DSLUT: An Asymmetric LUT and its Automatic Design Flow Based on Practical Functions
Moucheng Yang, Kaixiang Zhu, Lingli Wang, Xuegong Zhou
TL;DR
This work tackles the high cost and redundancy of conventional LUTs in FPGAs by introducing DSLUT, an asymmetric, domain-specific LUT-like PLB that targets practical functions rather than all possible functions. An automatic design flow combines a practical-function library, NPN-based function categorization, heuristic initialization, and hyper-parameter optimization to generate bit assignments that map functions efficiently into a compact MUX-tree with fewer programmable bits. SAT-based boolean matching against a library of practical functions enables accurate technology mapping within an ABC-based flow, and full EDA validation shows DSLUT6 (26 SRAM bits) covers 780 of 3881 six-input functions with notable level reductions and favorable delay-area trade-offs compared to LUT5 and LUT6 baselines. The approach demonstrates meaningful performance gains for benchmark circuits while maintaining smaller area overhead, enabling higher functional density in domain-specific FPGA deployments.
Abstract
The conventional LUT is redundant since practical functions in real-world benchmarks only occupy a small proportion of all the functions. For example, there are only 3881 out of more than $10^{14}$ NPN classes of 6-input functions occurring in the mapped netlists of the VTR8 and Koios benchmarks.

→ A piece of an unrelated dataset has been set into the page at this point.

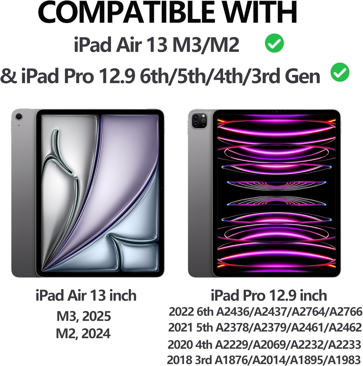【iPad Pro 12.9 inch Case with Keyboard】The case with keyboard is compatible with iPad Air 13 (M3 2025, M2 2024), iPad Pro 12.9 6th 2022/5th 2021/4th 2020/3rd 2018 Gen. Pro 12.9 inch Model No: 6th Generation (A2436, A2437, A2764, A2766), 5th Generation (A2378, A2379, A2461, A2462), 4th Generation (A2229, A2069, A2232, A2233), 3rd Generation (A1876, A2014, A1895, A1983).

Therefore, we propose a novel LUT-like architecture, named DSLUT, with asymmetric inputs and programmable bits to efficiently implement the practical functions in domain-specific benchmarks instead of all the functions. The compact structure of the MUX Tree in the conventional LUT is preserved, while fewer programmable bits are connected to the MUX Tree according to the bit assignment generated by the proposed algorithm. A 6-input DSLUT with 26 SRAM bits is generated for evaluation, which is based on the practical functions of 39 circuits from the VTR8 and Koios benchmarks. After the synthesis flow of ABC, the post-synthesis results show that the proposed DSLUT6 architecture reduces the number of levels by 10.98% at a cost of 7.25% area overhead compared to LUT5 architecture, while LUT6 reduces 15.16% levels at a cost of 51.73% more PLB area. After the full VTR flow, the post-implementation results show that the proposed DSLUT6 can provide performance improvement by 4.59% over LUT5, close to 5.42% of LUT6 over LUT5, causing less area overhead (6.81% of DSLUT6 and 10.93% of LUT6).